整備士イズミの長い午前 1


 ああ、眠い。

 昨日、休日返上で徹夜作業したせいだ。

 体がふわふわと浮いているような感覚がある。


 深夜テンションで仕上げたあれこれが、果たして採用されるのか。

 ──そんなことを考えながら、クラッカーをかじり、カフェイン錠剤を水で流し込んだ。

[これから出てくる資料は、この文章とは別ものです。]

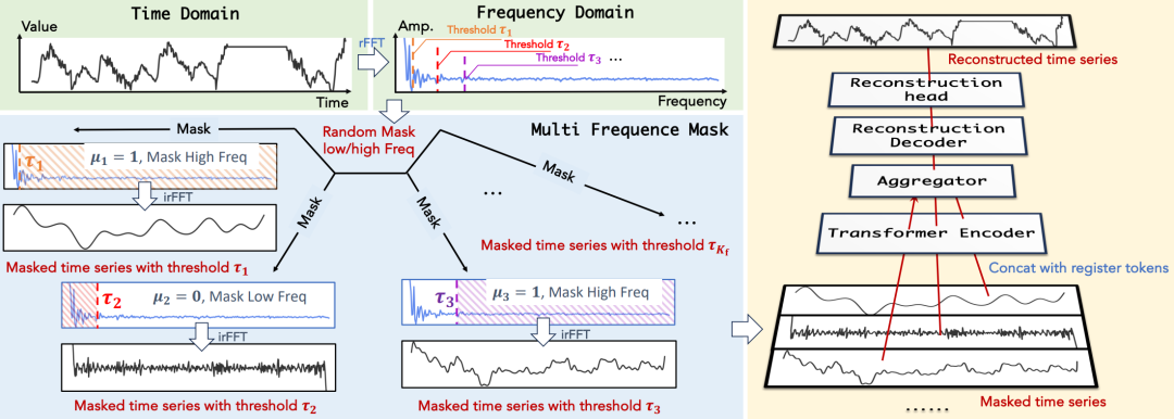 频率分解学习:时间序列数据由多个频率分量叠加而成,这使得不同时间变化相互重叠。低频成分通常包含整体趋势和较长周期的变化信息,而高频成分则多反映短期波动和较短周期的变化。因此,分别从低频和高频视角理解时间序列,有助于提升其通用表示学习效果。基于此,作者提出了多重频域掩码方法,按照不同的采样阈值,在频域中随机对时间序列进行低频或高频掩码处理,然后再将其转换回时域进行重构。

 椎名はなんとか部屋から追い出したが……、あのまま放っておけば延々と作業を続けていたのだろうか?


 よくもまあ、あそこまで集中力が持つものだ。……まあ、今日は休みらしいし、問題はないか。


 そんな事より眠気がすごい。

 こりゃ、今日の仕事はさっさと片付けて、夕食を抜いてでもすぐに寝よう。そう心に決めて、朝の支度を進める。


 目を覚ますために軽くシャワーを浴びる。少しはマシになった。

 眠気が覚めると急に腹が減ってきたので、朝食を食べようと食堂へ向かう。


 今日の朝食はいつものように培養肉と硬い食パンだ。

 これまたいつものように、培養肉をパンに挟んでサンドイッチを作っていると、背中に衝撃が走った。


「おう、イズミ。おはよう。どうした? 今日は元気がないな」


 同僚の近藤タケシだ。

 僕とは違い、研究者グループのエリートで、今朝もトレーニングをしてきたらしく、まだ熱気を帯びている。暑苦しいから、あまり近寄らないでほしい。


 絵に描いたような文武両道タイプで、近くにいるだけで劣等感を煽ってくる。ただの機械オタクの僕とは正反対……いや、別に羨ましいわけじゃない。


 それでも仕事上の接点は多く、計器の調整や修理のことで世話になることもしばしばだ。見かけたら背中を叩く癖はやめてほしい。びっくりする。


「芸術家様のお手伝いか? お前もよくつきあえるな。俺なら体力が持たん」


 近藤は豪快に笑う。

 ほぼ休みなく働いているのはそっちだろ、と心の中でツッコミながら、僕はサンドイッチにかぶりついた。


 ぬるい培養肉の味が口に広がり、食パンに口の中の水分が持っていかれる。頭がぼんやりしていて、まともに味の評価をする余裕もない。ただ胃に何か入れておかないと、このまま椅子ごと眠り落ちる自信がある。


 壁際の空調が低く唸り、ゆるやかに空気を循環させる音が、眠気をさらに誘う。


 天井から降り注ぐ人工昼光が柔らかい。まぶたの裏にはまだ船室の暗がりが残っている。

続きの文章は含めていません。